That doesn’t mean that predictive science is a waste of time. It can help to test how specific variables relate to other specific variables. It can help explain patterns. It can even inform decision-making, but it does best when applied with a generous dose of scepticism and a preference for evidence over prediction. However, it cannot predict the future and never has.

Climate change scientists know this. They know that there are enough “known unknowns” to invalidate their modelled predictions and that there will certainly be “unknown unknowns” they will discover tomorrow.

Climate catastrophists do not believe the world can cope with change. The common worldview of scientists today is that life on Earth is an accident and that it takes millions of years to adapt to change. The idea that the world could adapt to changes within months, years or decades is inconceivable to them.

However, I don’t share that pessimism because I don’t share that worldview. I don’t believe our world is an accident, and I don’t believe it is fragile.

I don’t believe that the life that already covers every different climate of Earth’s surface, thriving in the heat of the desert, the humidity of the forest, the darkness of the sea-bed, the rarefied air of the mountain peaks, and the white cold of the ice caps, will not be able to accommodate change.
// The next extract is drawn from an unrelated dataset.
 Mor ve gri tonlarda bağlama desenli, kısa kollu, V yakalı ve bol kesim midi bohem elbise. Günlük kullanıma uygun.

I don’t believe it is an accident that we found fossil fuels when we did and that we have been able to use them to feed our population when it grew so rapidly, making the previous pessimistic predictions of Rev Thomas Malthus’ also wrong.
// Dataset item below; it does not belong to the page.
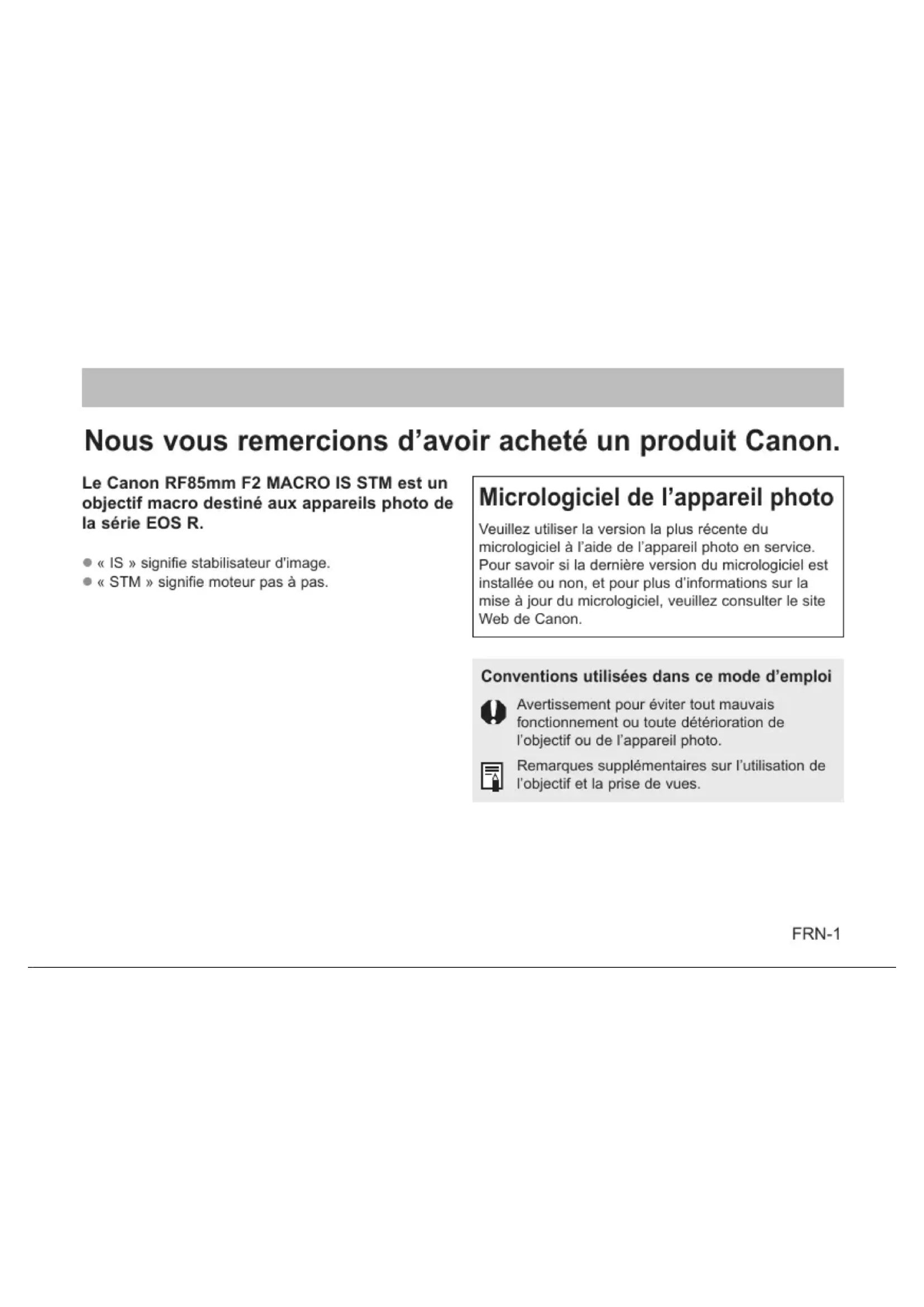 FRN Mode d’emploiFRN-1 Nous vous remercions d’avoir acheté un produit Canon. Le Canon RF85mm F2 MACRO IS STM est un objectif macro destiné aux appareils photo de la série EOS R.

I think about Lake Eyre. In central Australia, Lake Eyre is usually a salt lake—a deserted flat surface perfect for trying to set land speed records.

Yet once every 50 years or so, water will reach Lake Eyre and fill it up. Colonies of pelicans, that never previously knew Lake Eyre existed will fly in from the coast and breed there. As a result, the lake becomes its own diverse and thriving ecosystem.

If the animals of Australia know what to do when a desert becomes an oasis, why would they not be able to handle a change in the planet’s average temperature?

I don’t really have faith directly in the life on this planet. Instead, I have faith in its maker and the foresight encapsulated in its design.

For instance, various jurisdictions around the world appear to be competing for who can set the nearest date for converting to all electric cars. “Net-zero 2050” has become common vernacular, though it was unheard of five years ago.

Unfortunately, the costs of climate response will be high—do not be deceived by lobbyists and activists who claim that it is easy.

In all our efforts to decarbonise, we have only managed to barely dent the electricity sector, and not without cost; we haven’t touched the rest of the energy industry, and with the exclusion of the much maligned agricultural sector, we scarcely even mention non-energy industries that also emit greenhouse gases, such as cement production, smelting, fertiliser production and more.

As scientist Vaclav Smil correctly states in his book “How the world really works,” “Complete decarbonisation of the global economy by 2050 is now conceivable only at the cost of unthinkable global economic retreat, or as a result of extraordinarily rapid transformations relying on near-miraculous technical advances.”

It is high time we had a mature debate about what cost we are really willing to pay.